AIM OF THE TASK: Take the line containing "Based on your" and every line below it through the end of the entries, and output them verbatim, pictures excluded.

Extracted data entries:
------------------------

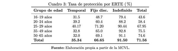 En apariencia, los trabajadores jóvenes estuvieron menos protegidos. No obstante, una vez se realizan estimaciones logit para la probabilidad de protección por ERTE y se controla por tipo de contrato, antigüedad y factores individuales, las diferencias por edad se reducen sustancialmente. Los jóvenes no solo no estuvieron menos protegidos, sino que mostraron una mayor probabilidad relativa de acceder a un ERTE respecto a otros grupos, a igualdad de condiciones.
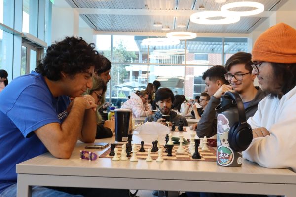 Camilo Maciel, 21, (left) faces off against friend Ivan Avalos, 21, in a focused game of chess during a break between classes, using strategy to take a mental breather from midterm stress. (Veronica Minogue)
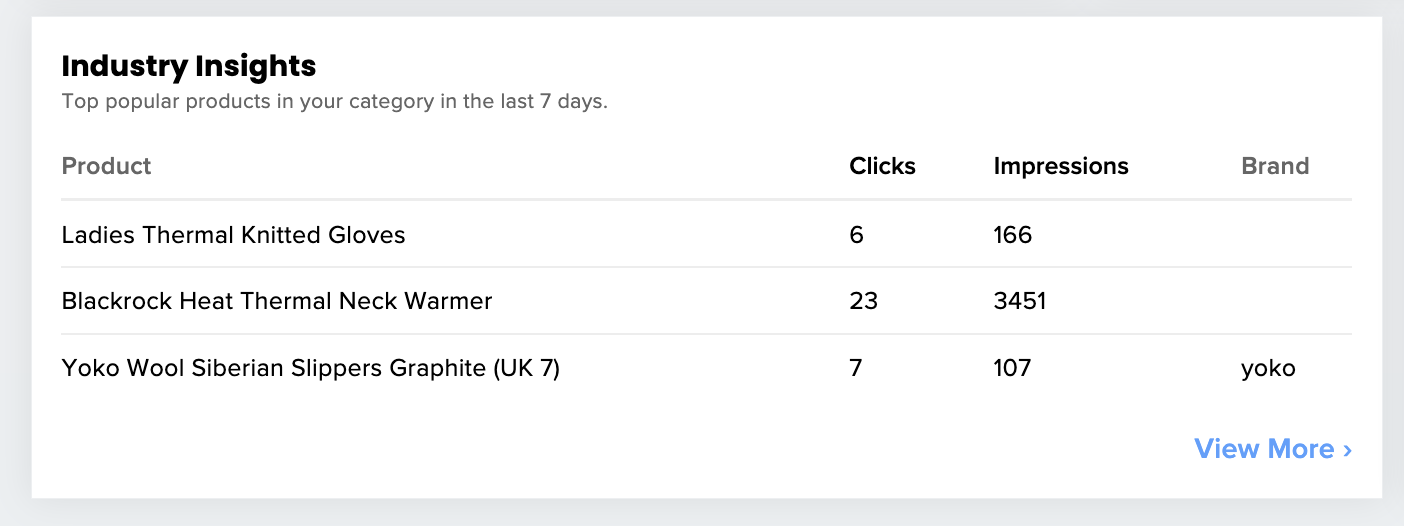 Based on your shop category, we show the most popular products across similar stores in our community. This allows you to see what is selling well or stock new products to attract more shoppers.
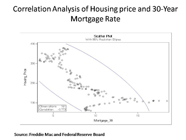 The following chat illustrates the correlation analysis of two variables: Housing price and 30-Year Mortgage Rate. The coefficient of correlation is -0.773 which implies that the relationship is highly negative correlated.
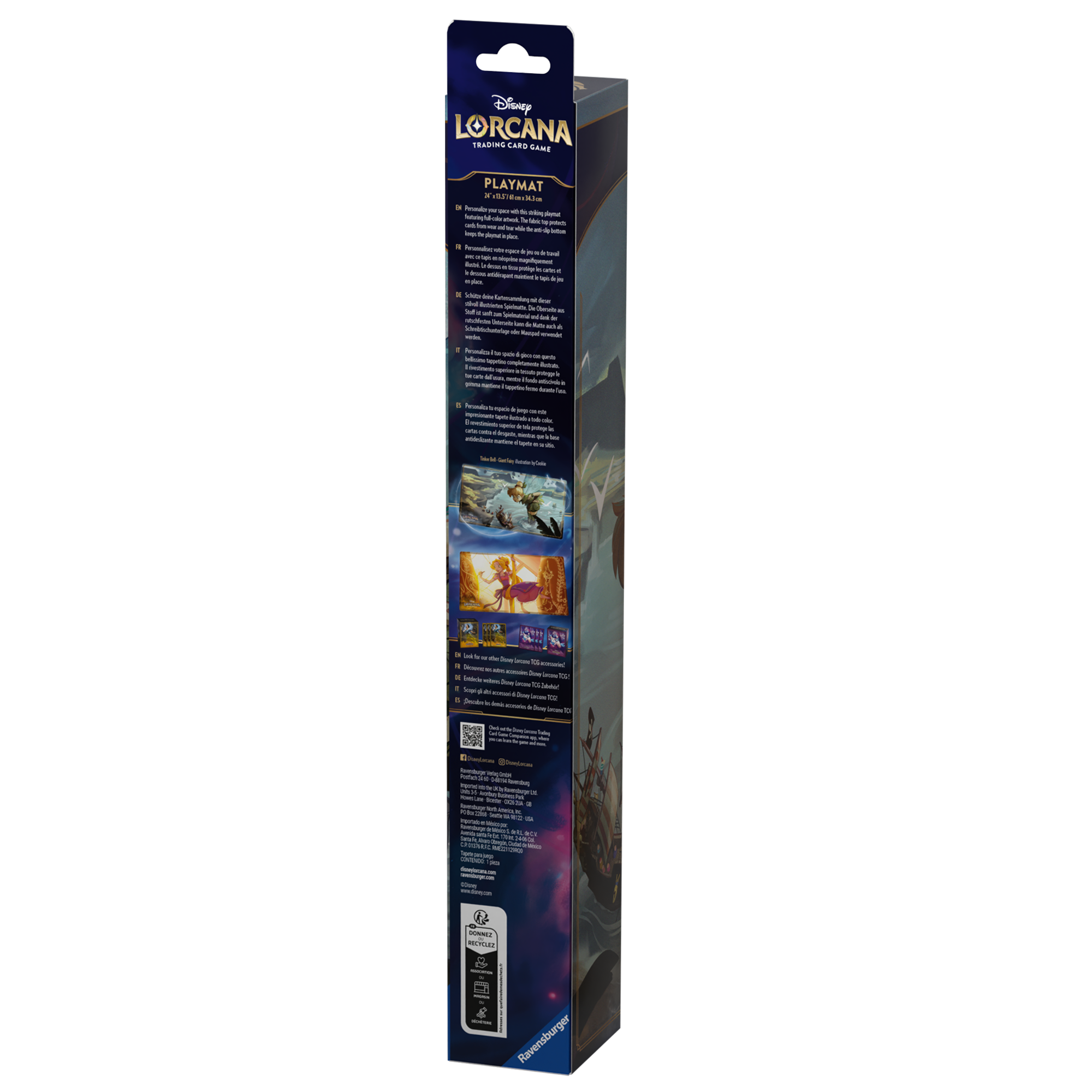 Protect game cards during play and personalize play space with these stunning full-sized playmats. One design features Disney’s Tinker Bell, and the other features Disney’s Rapunzel.
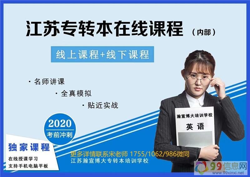 江苏瀚宣博大专转本学校专业从事五年制专转本辅导14年,根据国情和现阶段的疫情发展情况,特地开设了五年制专转本网络教学和线下教学结合课程,不耽误五年制专转本考生的备考,根据考试重点和考试内容系统分科目详细讲解,通过老师课堂教学,进一步加深各科的内容,起到提纲挚领的作用,在教学过程中,将往年考试内容贯穿其中,一方面让学生掌握了基本考点,另一方面在重点内容上进行强化,促进学生取得高分,升入理想院校,更多转本课程详情联系总校宋老师 1755/1062/986微9 9 信 息 网。信同步,添加微9.9.信.息.网。信预约免费试听课99信息网www.99xinxi.net。

------------------------

EXERCISE OUTPUT:
 Based on your shop category, we show the most popular products across similar stores in our community. This allows you to see what is selling well or stock new products to attract more shoppers.
 The following chat illustrates the correlation analysis of two variables: Housing price and 30-Year Mortgage Rate. The coefficient of correlation is -0.773 which implies that the relationship is highly negative correlated.
 Protect game cards during play and personalize play space with these stunning full-sized playmats. One design features Disney’s Tinker Bell, and the other features Disney’s Rapunzel.
 江苏瀚宣博大专转本学校专业从事五年制专转本辅导14年,根据国情和现阶段的疫情发展情况,特地开设了五年制专转本网络教学和线下教学结合课程,不耽误五年制专转本考生的备考,根据考试重点和考试内容系统分科目详细讲解,通过老师课堂教学,进一步加深各科的内容,起到提纲挚领的作用,在教学过程中,将往年考试内容贯穿其中,一方面让学生掌握了基本考点,另一方面在重点内容上进行强化,促进学生取得高分,升入理想院校,更多转本课程详情联系总校宋老师 1755/1062/986微9 9 信 息 网。信同步,添加微9.9.信.息.网。信预约免费试听课99信息网www.99xinxi.net。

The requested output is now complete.